The current provenance on the museum's website differs from the version recorded in the complaint. It now specifically names Michael I and describes the transfer as government-sanctioned, removing the language Paul Philippe challenged as "false and made in bad faith," and replacing it with a characterization that both Paul Philippe and Romania dispute.
Paul Philippe's complaint had said that "his heirs" was "false and made in bad faith." He alleged Michael concealed the sale from his older brother — Paul Philippe's deceased father, Prince Carol Mircea — who held an equal share of Carol II's estate under a 1955 Portuguese court ruling.
When Saint Sébastien resurfaced in New York in February 2025, Christie's offered it at auction. The Romanian government intervened and Christie's voluntarily withdrew the painting from sale.
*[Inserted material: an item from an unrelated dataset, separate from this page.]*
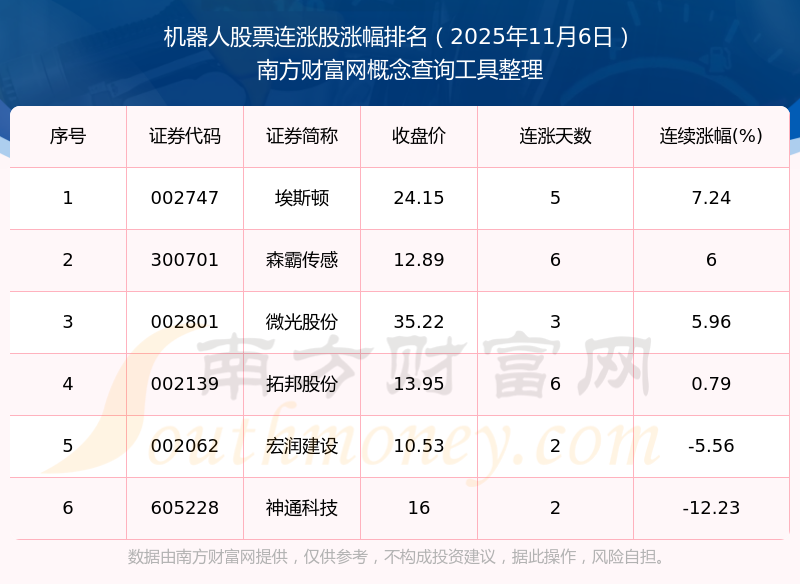 根據(jù)南方財(cái)富網(wǎng)概念查詢工具數(shù)據(jù)統(tǒng)計(jì),截止2025年11月6日收盤,機(jī)器人股票共有6只個(gè)股實(shí)現(xiàn)連漲。其中連續(xù)漲幅較大的個(gè)股有埃斯頓、森霸傳感、微光股份等,連續(xù)漲幅分別為7.24%、6.00%、5.96%。

Paul Philippe said he learned of the painting's location from media reports on February 6, 2025, and filed suit three days later, seeking to prevent the consignor from removing it from New York.
Paul Philippe argued that both paintings were Carol II's personal property, not the Romanian state's, and that Michael had no right to sell them.
To rebut Romania's ownership claim, his complaint cited Michael's position from a 1993 Swiss lawsuit against him, in which Michael argued: "King Carol I did not decide that the paintings would belong to the Romanian State … but to the Crown personified by the King."
Romania argued that the "Crown of Romania" referred to the state, not the king personally, making both paintings national property rather than private inheritance.
The country has tried before to reclaim both paintings in American courts and failed both times.
In 1984, Romania's communist government sued the Kimbell Art Foundation in federal court in Texas to recover Canon Bosio, but the case was dismissed in 1986 as untimely under Texas's two-year statute of limitations.
A parallel 1985 federal lawsuit that Romania filed in the Southern District of New York, seeking both paintings from Wildenstein, was dismissed for Romania's repeated failure to comply with discovery.
In 1993, a post-communist Romanian government tried to reopen the New York case. A federal judge refused.
"Throughout history, governments change when political systems are altered or when the regime in power falls out of favor," the court held.
The court ruled that just because a current government would pursue a different litigation strategy than its predecessor, it does not constitute an extraordinary event sufficient to reopen a dismissed case.
Now, Paul Philippe, not Romania, is coming for the Kimbell.
"Paul Philippe's counsel is trolling for another suit, and his subpoena should be quashed," the museum's attorneys wrote.
"The Subpoena is nothing but a thinly veiled attempt by Paul Philippe to try to set up a claim regarding the ownership of Portrait of Dr. Francisco de Pisa."
Paul Philippe is pursuing the case from France, where he has lived since Romania convicted him in December 2020 on charges related to his efforts to reclaim Carol II's communist-confiscated properties.
He was not in Romania when the conviction was announced and was never arrested on Romanian soil.
Romania issued a European Arrest Warrant and an Interpol diffusion — which functions like a Red Notice — calling for his detention.
French police briefly arrested Paul Philippe in June 2022 but released him without bail. In November 2023, a French appellate court refused Romania's extradition request, finding his conviction violated his human rights. France's Supreme Court affirmed that decision.
In April 2024, Paul Philippe was arrested in Malta. A Maltese appellate court rejected extradition in August 2024.
Interpol vacated its own diffusion. The agency's decision concluded that his Romanian conviction "appeared to be politically motivated, violated his rights, and was contrary to Interpol's rules and regulations."
Paul Philippe's complaint noted that Romania's own highest court acknowledged in 2012 that he and his father were legitimate heirs to Carol II. The same court convicted him eight years later.